On April 11, 2013, Makozy filed a second Chapter 7 petition with the Southern District of Florida, his third bankruptcy petition in the district. In re Gregory Michael Makozy, No. 13-18173, ECF No. 1 (Bankr. S.D. Fla. Apr. 11, 2013). The following day, Makozy filed a Motion for Continuation of Automatic Stay. Makozy, No. 13-18173, ECF No. 10 (Bankr. S.D. Fla. Apr. 12, 2013). Crawford objected to the Motion and sought transfer of the case to the Bankruptcy Court for the Western District of Pennsylvania. Makozy, No. 13-18173, ECF No. 17 (Bankr. S.D. Fla. May 5, 2013). After a hearing on the matter, Judge Olson issued an Order that both denied the Motion to Continue Automatic Stay and also directed the Bankruptcy Clerk of Court to transfer the case to the Western District of Pennsylvania in the "interests of justice." Makozy, No. 13-18173, ECF No. 23 (Bankr. S.D. Fla. May 24, 2013). Makozy appeals that Order here.

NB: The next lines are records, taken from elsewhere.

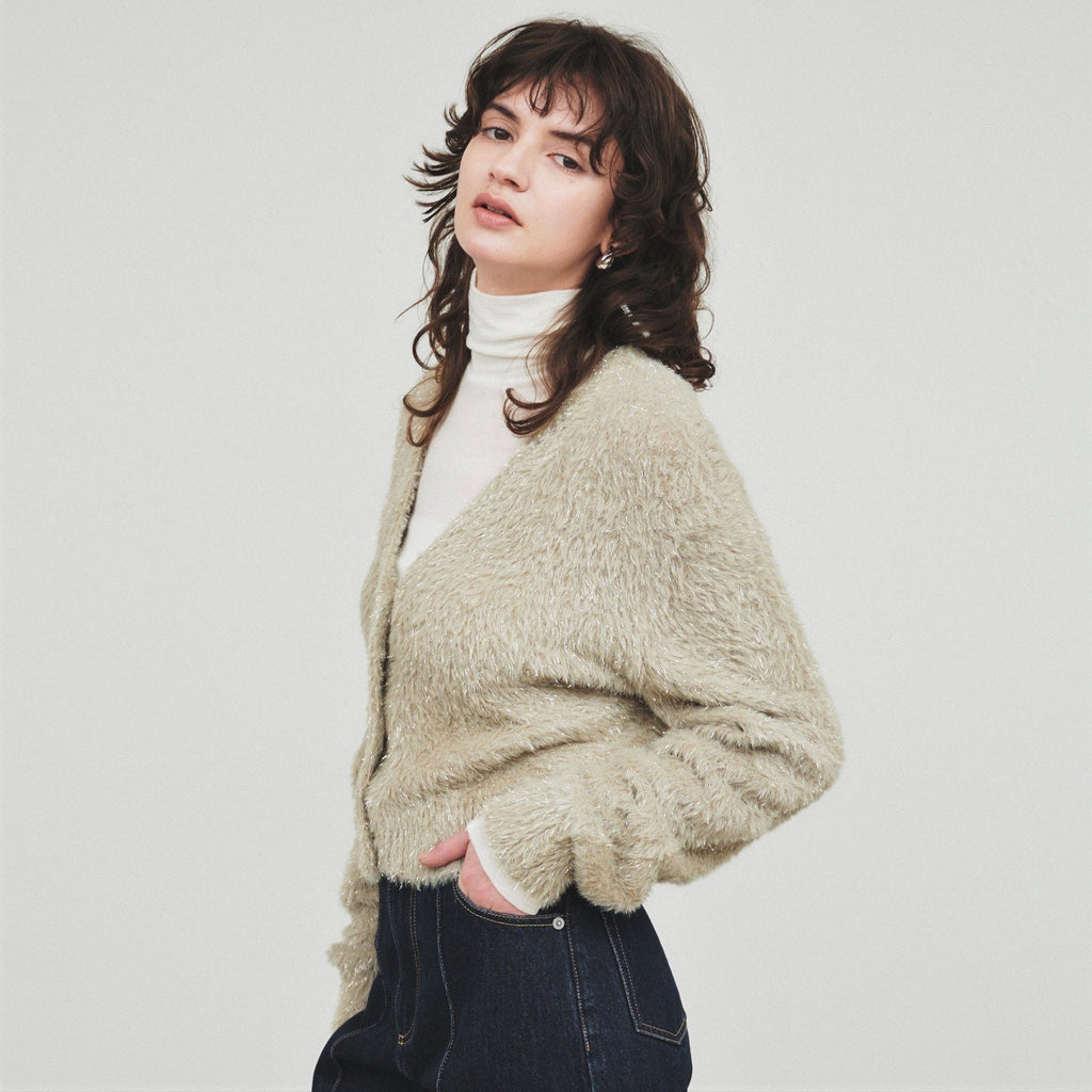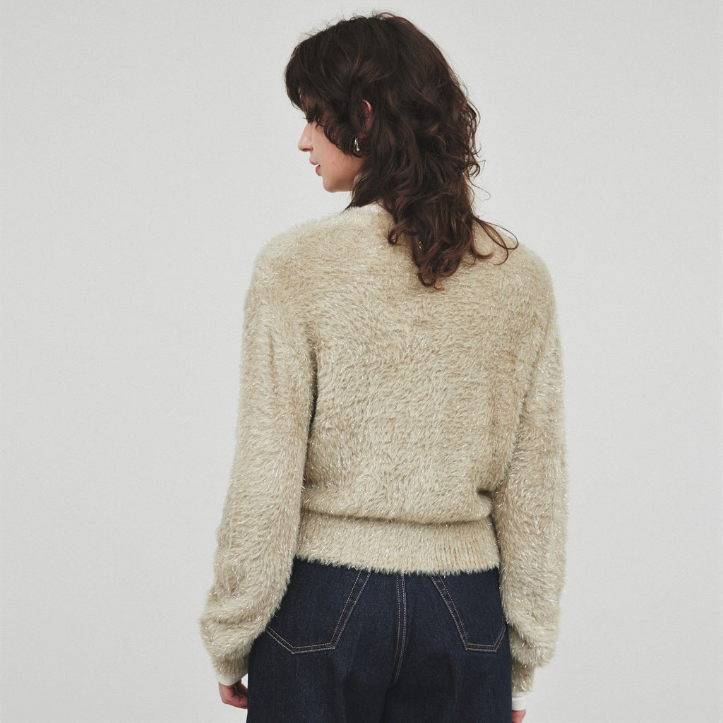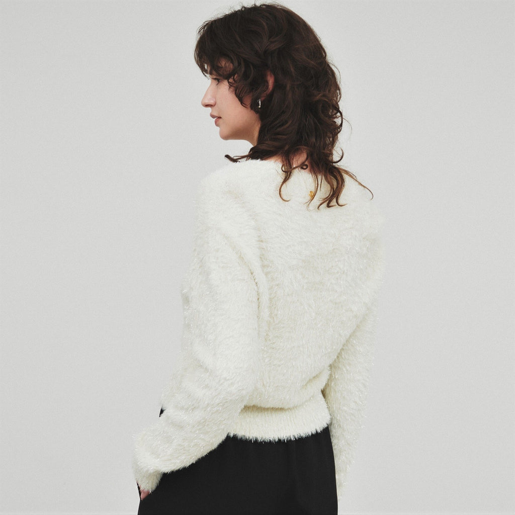 全體散布的銀色亮片是這款針織品的魅力所在。
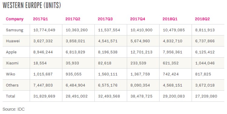 Dans le tableau qui présente les ventes depuis le début de l’année 2017, on voit clairement la progression de la marque Huawei qui est passé de 11% de part de marchés à près de 25%. Cela correspond à un boom des ventes : de 3,6 millions d’appareils vendus au 1er trimestre 2017 à plus de 6,5 millions au second trimestre 2018. Je suis sûr qu’ils sont plusieurs à vouloir présenter ce type de bilan.
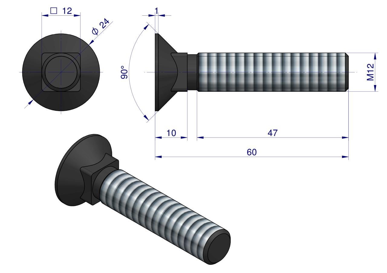Śruba kpl. płużna podsadzana D 608 M12x60 mm kl.10.9 Waryński ( sprzedawane po 25 ) [W-608101260]
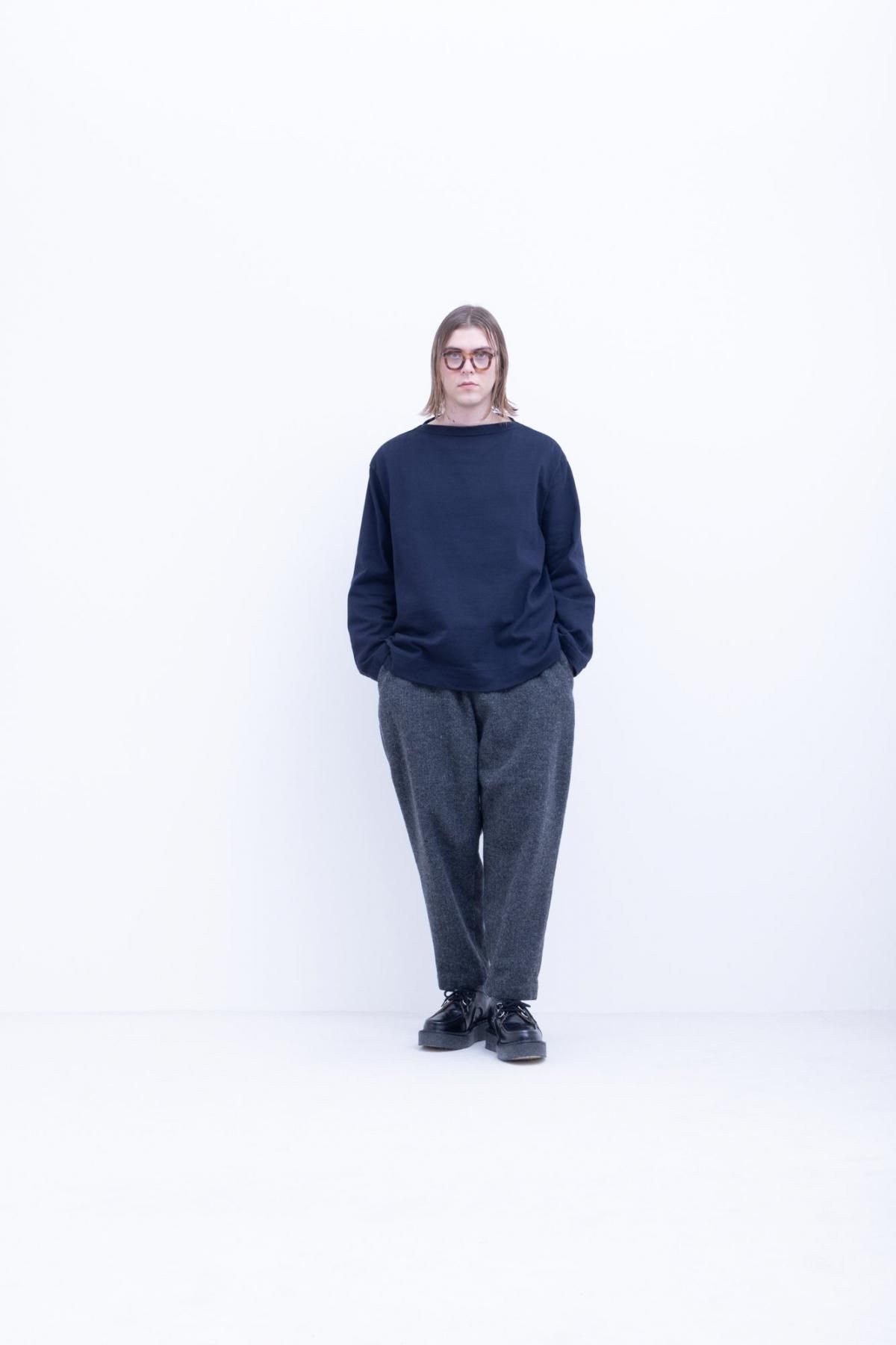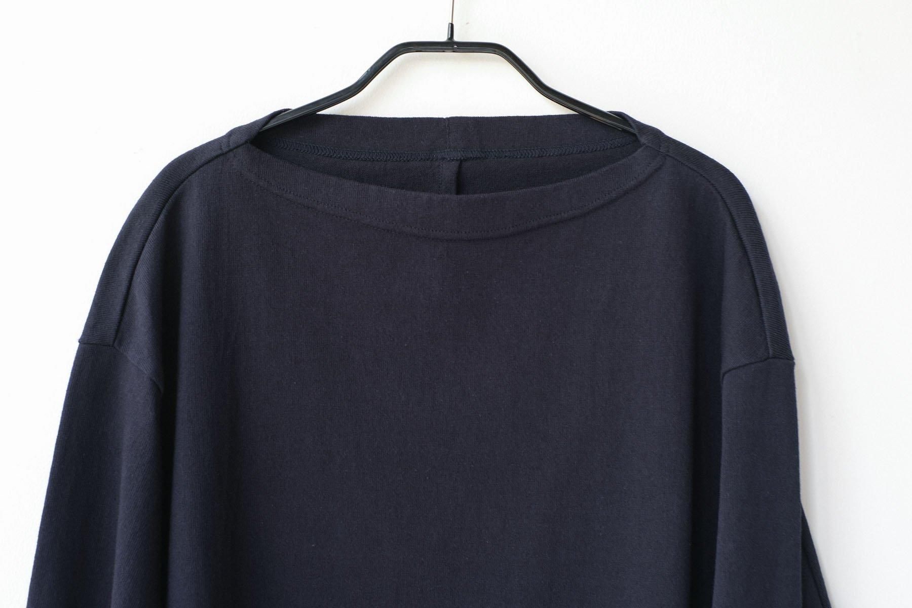 【商品名】十六番双糸空紡綿天竺 ボートネックロンT/Navy
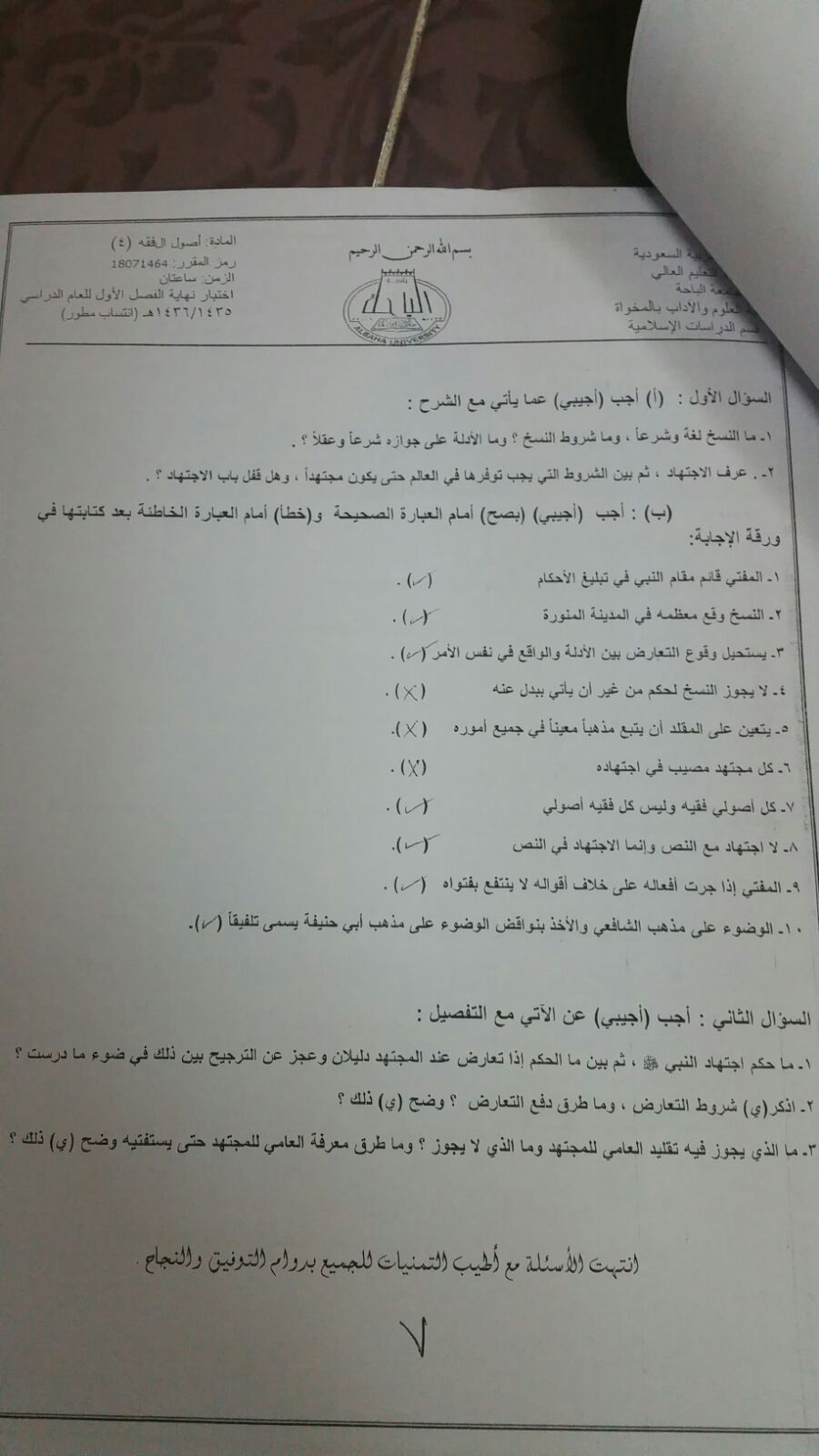 اختبار الفقه 4 الفصل الأول 1435هـ
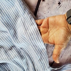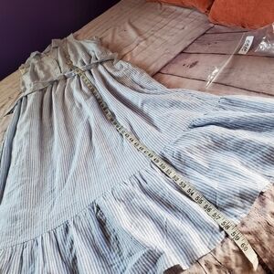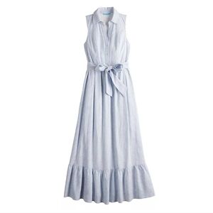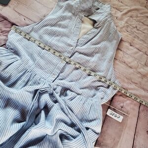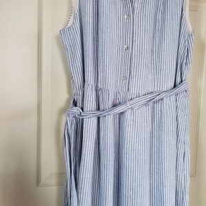 DRAPER JAMES RSVP Button Front Maxi Dress Sleeveless Linen Blend Blue Striped XL
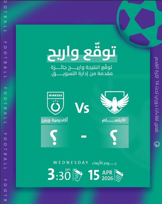 خمن واربح! المركز الإعلامي 13 / 4 / 2026م - 10:23 م توقّع نتيجة المباراة القادمة لكرة القدم وكن أحد الفائزين بجائزة مميزة مقدمة من إدارة التسويق 🤩🎉
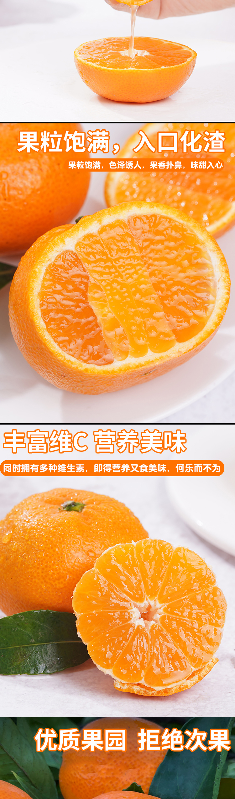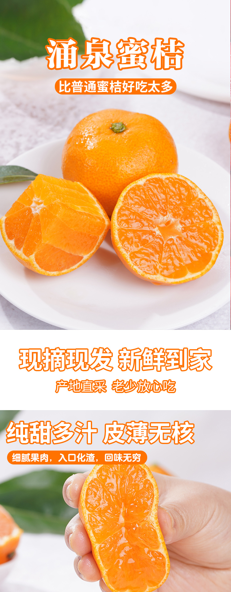 简介: 专注品质,匠心种植,产地现摘,新鲜到家。涌泉蜜桔果型整齐匀称,肉质细嫩无渣。平均糖分12度,黄金酸甜比,果汁充沛,风味怡人!

In addition to the instant appeal, Makozy's third bankruptcy petition in this district also involved two adversary proceedings. The first adversary proceeding was initiated by the United States to declare as non-dischargeable the monies that Makozy owed the United States for his willful violations of the Fair Labor Standards Act, 29 U.S.C. § 201, et seq., incurred as a result of litigationinitiated in the District Court for the Western District of Pennsylvania. United States v. Makozy, No. 13-01518, ECF No. 1 (Bankr. S.D. Fla. July 12, 2013). Crawford brought the second adversary proceeding, alleging that Makozy failed to disclose in his bankruptcy documents conveyances of real property made within two years before the filing of his third bankruptcy petition. Id. at 3, ¶ 9-11. These alleged conveyances included three Pennsylvania properties and one Florida property. Id. at 2-3, ¶ 8.

STANDARD OF REVIEW

Bankruptcy courts are governed by the Federal Rules of Bankruptcy Procedure. Under Rule 8013, Fed. R. Bankr. P., a district court reviews the factual findings of a bankruptcy court for clear error. As for the conclusions of law of the bankruptcy court and the application of the law to the particular facts of the case, a district court must conduct a de novo review. See In re Feingold, 474 B.R. 293, 294 (S.D. Fla. 2012) (citing In re Globe Mfg. Corp., 567 F.3d 1291, 1296 (11th Cir. 2009); In re Club Assocs., 951 F.2d 1223, 1228-29 (11th Cir.1992)) ("The Court reviews the Bankruptcy Court's factual findings for clear error and its legal conclusions de novo").

JURISDICTION

Federal courts are courts of limited jurisdiction. Federated Mut. Ins. Co. v. McKinnon Motors, LLC, 329 F.3d 805, 807 (11th Cir. 2003). With regard to appeals from bankruptcy courts, district courts enjoy jurisdiction over only three types of orders: (1) final orders, as described in 28 U.S.C. § 158(a)(1); (2) interlocutory appeals issued under 11 U.S.C. § 1121(d), as described in 28 U.S.C. § 158(a)(2); and (3), with leave of the court, other interlocutory orders, as described in 28 U.S.C. § 158(a)(3) and Fed. R. Bankr. Pro. 8001(b). Tobkin v. Calderin, 2012 WL 3609867, at *1(S.D. Fla. Aug. 22, 2012). As this Court has explained, district courts have jurisdiction to hear appeals "from final judgments, orders, and decrees." Id. at *1-2; 28 U.S.C. § 158(a)(1).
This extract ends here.